• _PROBLEM DETAILS_:
Entries below include pictures. Output exactly the lines from the one with "Strengthen, hydrate, and" down to the one with "2月22日,集裝箱貨輪通過正在吊裝鋼箱梁的深中通道伶仃洋大橋(無人機照片)。", both ends included, and leave the pictures out.

• _GIVEN DATA_:
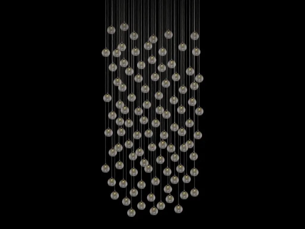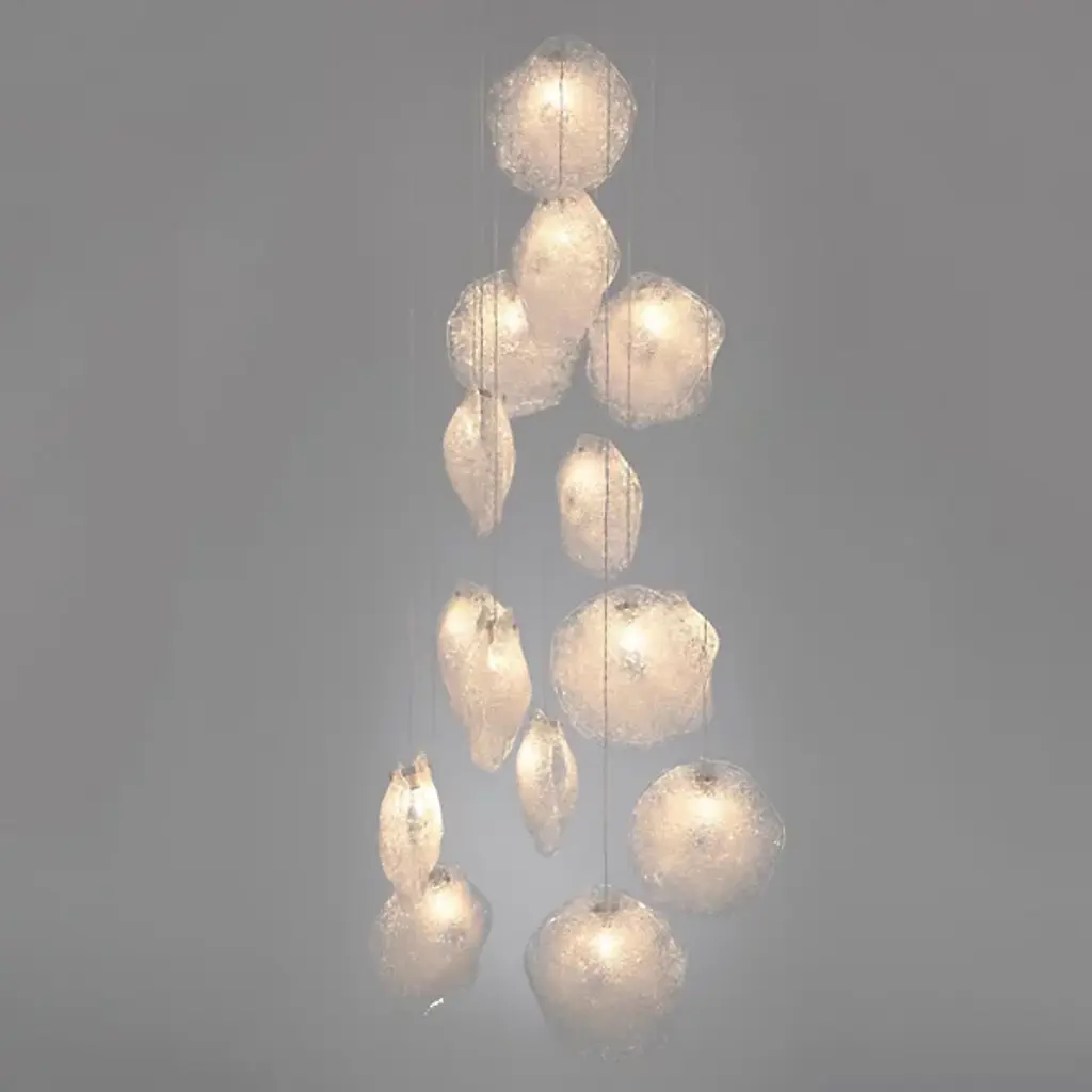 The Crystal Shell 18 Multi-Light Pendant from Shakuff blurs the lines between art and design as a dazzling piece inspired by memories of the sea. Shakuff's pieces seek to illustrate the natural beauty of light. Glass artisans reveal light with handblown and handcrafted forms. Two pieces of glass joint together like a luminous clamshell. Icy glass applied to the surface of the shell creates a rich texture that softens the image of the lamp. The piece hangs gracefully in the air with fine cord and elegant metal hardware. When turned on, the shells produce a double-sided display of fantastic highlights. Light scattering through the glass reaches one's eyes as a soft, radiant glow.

==

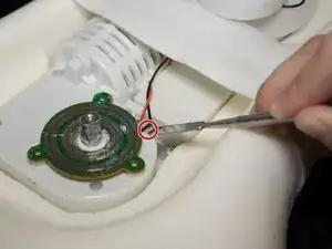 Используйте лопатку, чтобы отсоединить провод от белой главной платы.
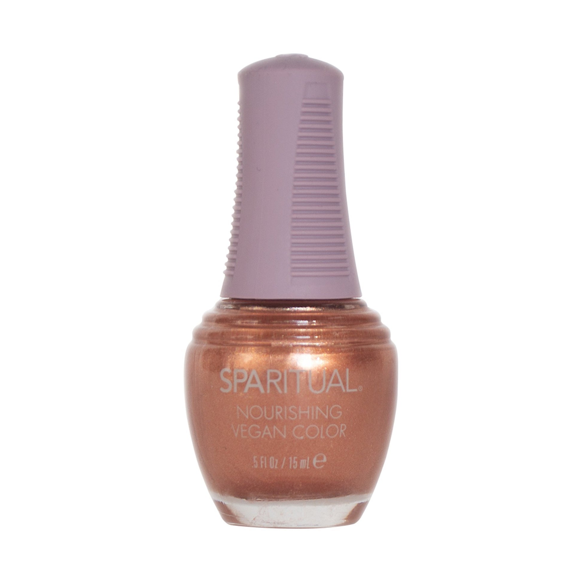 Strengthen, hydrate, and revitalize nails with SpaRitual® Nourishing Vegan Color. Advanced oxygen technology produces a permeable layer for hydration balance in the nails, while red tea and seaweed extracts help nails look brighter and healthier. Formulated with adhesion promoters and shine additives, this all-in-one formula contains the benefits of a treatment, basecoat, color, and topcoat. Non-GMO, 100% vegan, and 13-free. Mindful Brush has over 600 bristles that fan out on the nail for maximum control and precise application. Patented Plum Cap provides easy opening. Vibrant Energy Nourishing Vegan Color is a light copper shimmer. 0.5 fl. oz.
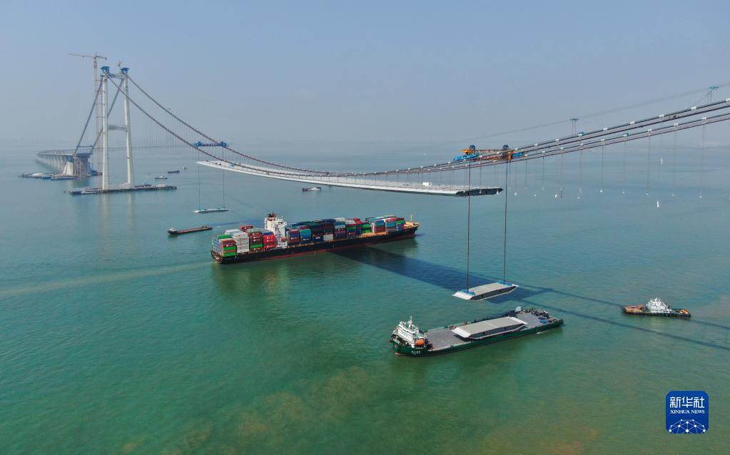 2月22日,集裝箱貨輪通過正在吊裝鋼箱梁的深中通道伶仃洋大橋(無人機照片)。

• _YOUR RESPONSE_:
 Strengthen, hydrate, and revitalize nails with SpaRitual® Nourishing Vegan Color. Advanced oxygen technology produces a permeable layer for hydration balance in the nails, while red tea and seaweed extracts help nails look brighter and healthier. Formulated with adhesion promoters and shine additives, this all-in-one formula contains the benefits of a treatment, basecoat, color, and topcoat. Non-GMO, 100% vegan, and 13-free. Mindful Brush has over 600 bristles that fan out on the nail for maximum control and precise application. Patented Plum Cap provides easy opening. Vibrant Energy Nourishing Vegan Color is a light copper shimmer. 0.5 fl. oz.
 2月22日,集裝箱貨輪通過正在吊裝鋼箱梁的深中通道伶仃洋大橋(無人機照片)。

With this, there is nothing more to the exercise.